(Items from a dataset)
^^^^

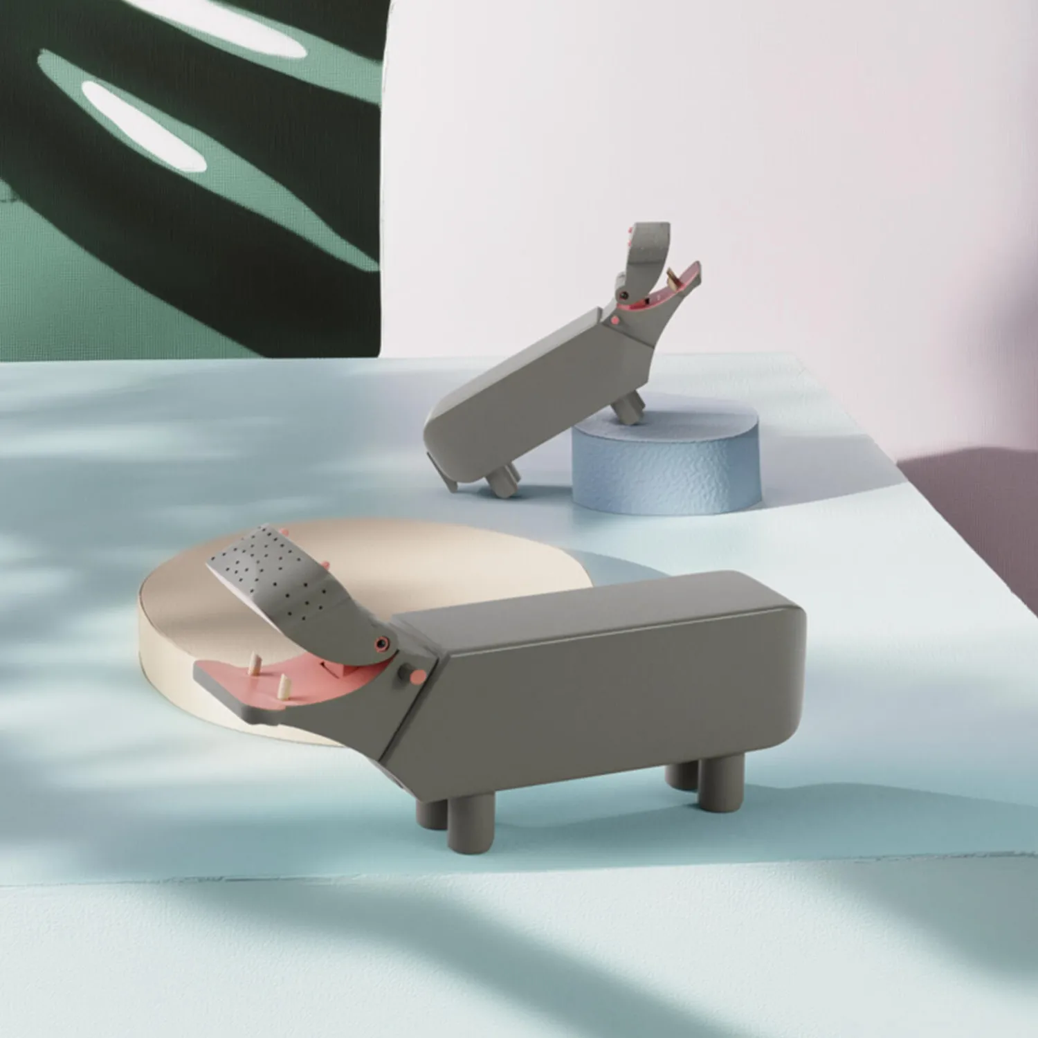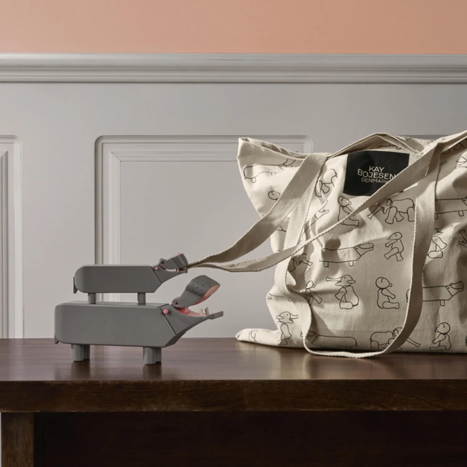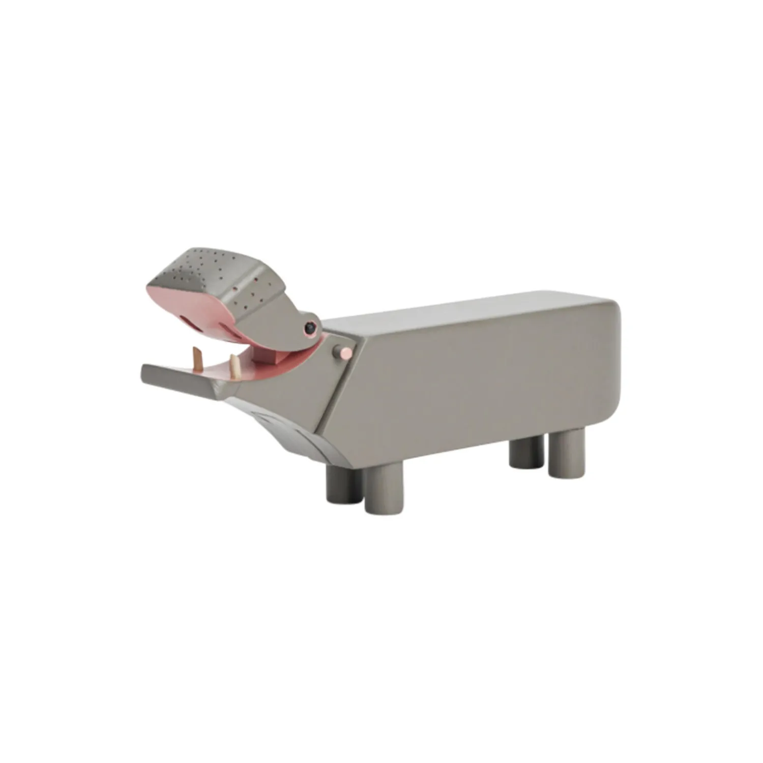 En charmerende sværvægter fylder 70 år. Med sit åbentstående gab og finurlige udtryk er Flodhesten en figur, man elsker ved første øjekast. Den er næsten for sjov til at være sand, og det er nemt at forstå, hvorfor Kay Bojesen lod sig inspirere af en af dyrerigets mest originale karakterer, da han skabte sin kendte og elskede Flodhest tilbage i 1955. I modsætning til de fleste andre af Kay Bojesens trædyr, der oftest ses i bløde og runde former, er Flodhesten noget mere firskåren i designet med overvejende rette og lige linjer – til gengæld brillerer den med et stort og kærligt smil og masser af power og glimt i øjet. Og så har Flodhesten det der umiskendelige udtryk af omsorg og harmoni. Ja, det er nærmest som om, at den stærke træfigur kommunikerer, ‘stol trygt på mig, jeg har altid din ryg’. Ifølge arkiverne havde Kay Bojesen selv en grå flodhest stående på sit skrivebord, og den runde fødselsdag fejres med to jubilæumsudgaver i FSC®-certificeret bøgetræ malet i en eksklusiv grå farve – en rigtig flodhestefarve – mens det store gab malet lyserødt. Uanset om du vælger denne Liliput-udgave på 6 cm eller den lidt større jubilæumsversion på 9 cm i højden, så får du håndlavet kvalitet i et elsket legende og tidløst design, hvor Flodhestene med deres venlige udtryk, de runde øjne og den lange stærke form vil tilføje et strejf af hygge og varme til ethvert rum. Brug dem for eksempel som små overraskende designelementer i boligen, der titter frem, hvor man mindst venter det. De to grå Flodheste produceres kun i 2025 og vil derfor også være oplagte som den unikke gave til dåb, fødselsdag, studentergave, bryllup – eller det store jubilæum.
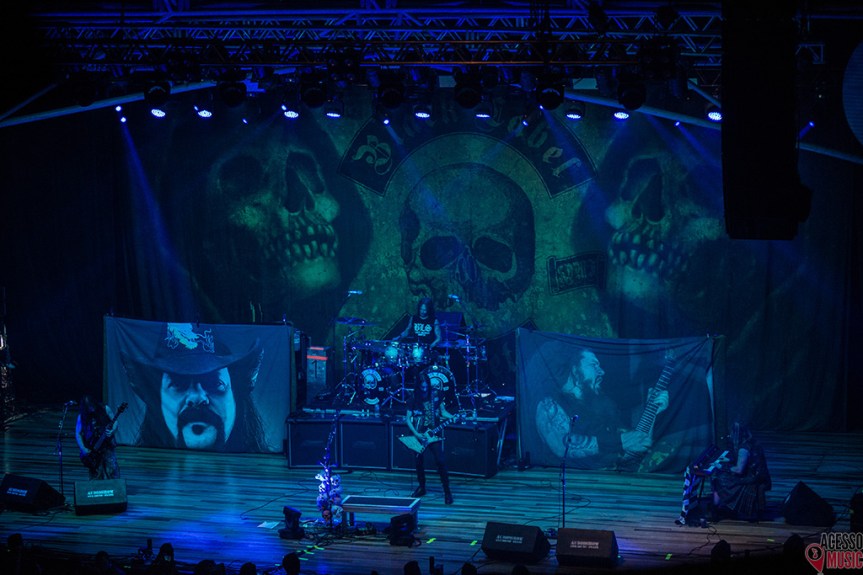 Depois dessa, outras duas contaram com o próprio Zakk nas teclas. Primeiro, “Spoke in the Wheel”, e depois a famosa “In this River”, que contou com uma emocionante homenagem a Dimebag Darrel (que partiu em 2004) e seu irmão Vinnie Paul, que nos deixou no ano passado; ambos tocaram numa das maiores bandas de Metal dos anos 90, o Pantera. Zakk era bastante próximo dos dois. Nas laterais da bateria, ao fundo do palco, foram colocados dois sidedrops (espécie de bandeiras que são colocadas no palco, mais a frente), cada um com a foto de um deles. Tocada em sua versão Metal, “The Blessed Hellride” fez a banda voltar ao peso, em seu formato de palco característico. O final, após mais algumas canções, veio com “Concrete Jungle”, onde Zakk e Dario fizeram um alucinante – e consciente – duelo de guitarra e “Stillborn”, com andamento e arranjos diferenciados, sem dúvidas a música mais famosa do grupo.
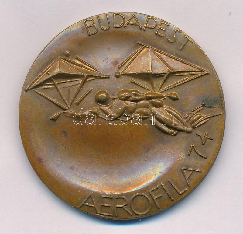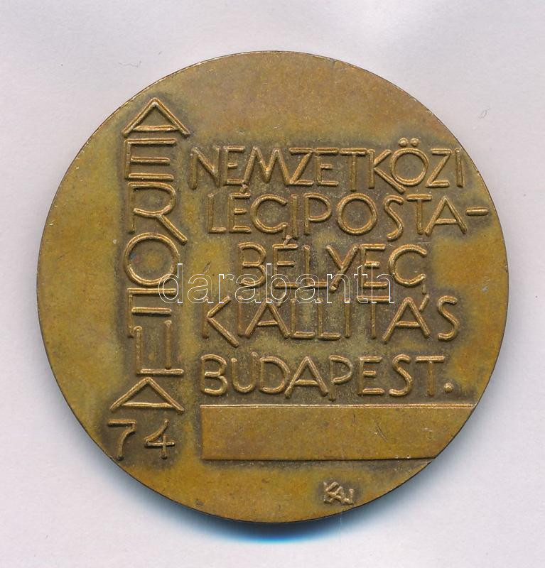 Leírás: Kiss Nagy András (1930-1997) 1974. "AEROFILA 74 / Nemzetközi Légipostabélyeg Kiállítás Budapest" bronz emlékérem (40mm) T:AU patina
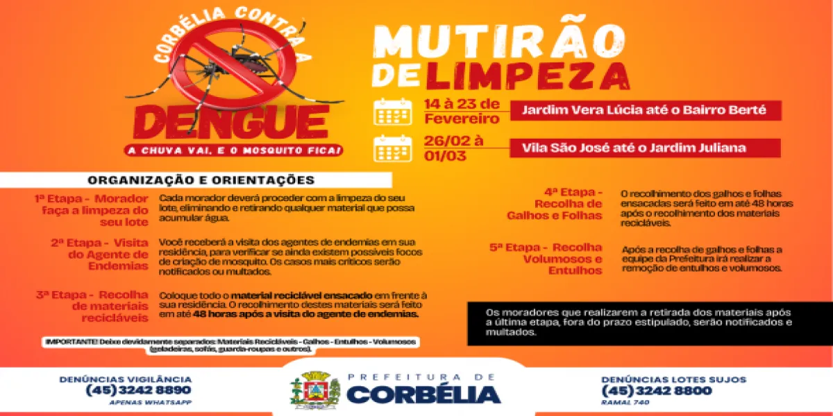 O mutirão de limpeza contra a dengue reunirá servidores das Secretaria de Saúde, Obras e Urbanismo, Agricultura e Desenvolvimento Econômico do Município de Corbélia. A ação acontece em caráter EXCEPCIONAL.
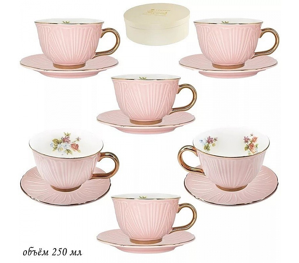 Чайный набор Lenardi Нежность розового цвета на 6 персон 12 предметов. Не рекомендуется мыть в посудомоечной машине и использовать в микроволновой печи. Подарочная коробка.

^^^^

Exercise details:
The entries above should be written out in full, and any picture in them left out.

Solution to this problem:
 En charmerende sværvægter fylder 70 år. Med sit åbentstående gab og finurlige udtryk er Flodhesten en figur, man elsker ved første øjekast. Den er næsten for sjov til at være sand, og det er nemt at forstå, hvorfor Kay Bojesen lod sig inspirere af en af dyrerigets mest originale karakterer, da han skabte sin kendte og elskede Flodhest tilbage i 1955. I modsætning til de fleste andre af Kay Bojesens trædyr, der oftest ses i bløde og runde former, er Flodhesten noget mere firskåren i designet med overvejende rette og lige linjer – til gengæld brillerer den med et stort og kærligt smil og masser af power og glimt i øjet. Og så har Flodhesten det der umiskendelige udtryk af omsorg og harmoni. Ja, det er nærmest som om, at den stærke træfigur kommunikerer, ‘stol trygt på mig, jeg har altid din ryg’. Ifølge arkiverne havde Kay Bojesen selv en grå flodhest stående på sit skrivebord, og den runde fødselsdag fejres med to jubilæumsudgaver i FSC®-certificeret bøgetræ malet i en eksklusiv grå farve – en rigtig flodhestefarve – mens det store gab malet lyserødt. Uanset om du vælger denne Liliput-udgave på 6 cm eller den lidt større jubilæumsversion på 9 cm i højden, så får du håndlavet kvalitet i et elsket legende og tidløst design, hvor Flodhestene med deres venlige udtryk, de runde øjne og den lange stærke form vil tilføje et strejf af hygge og varme til ethvert rum. Brug dem for eksempel som små overraskende designelementer i boligen, der titter frem, hvor man mindst venter det. De to grå Flodheste produceres kun i 2025 og vil derfor også være oplagte som den unikke gave til dåb, fødselsdag, studentergave, bryllup – eller det store jubilæum.
 Depois dessa, outras duas contaram com o próprio Zakk nas teclas. Primeiro, “Spoke in the Wheel”, e depois a famosa “In this River”, que contou com uma emocionante homenagem a Dimebag Darrel (que partiu em 2004) e seu irmão Vinnie Paul, que nos deixou no ano passado; ambos tocaram numa das maiores bandas de Metal dos anos 90, o Pantera. Zakk era bastante próximo dos dois. Nas laterais da bateria, ao fundo do palco, foram colocados dois sidedrops (espécie de bandeiras que são colocadas no palco, mais a frente), cada um com a foto de um deles. Tocada em sua versão Metal, “The Blessed Hellride” fez a banda voltar ao peso, em seu formato de palco característico. O final, após mais algumas canções, veio com “Concrete Jungle”, onde Zakk e Dario fizeram um alucinante – e consciente – duelo de guitarra e “Stillborn”, com andamento e arranjos diferenciados, sem dúvidas a música mais famosa do grupo.
 Leírás: Kiss Nagy András (1930-1997) 1974. "AEROFILA 74 / Nemzetközi Légipostabélyeg Kiállítás Budapest" bronz emlékérem (40mm) T:AU patina
 O mutirão de limpeza contra a dengue reunirá servidores das Secretaria de Saúde, Obras e Urbanismo, Agricultura e Desenvolvimento Econômico do Município de Corbélia. A ação acontece em caráter EXCEPCIONAL.
 Чайный набор Lenardi Нежность розового цвета на 6 персон 12 предметов. Не рекомендуется мыть в посудомоечной машине и использовать в микроволновой печи. Подарочная коробка.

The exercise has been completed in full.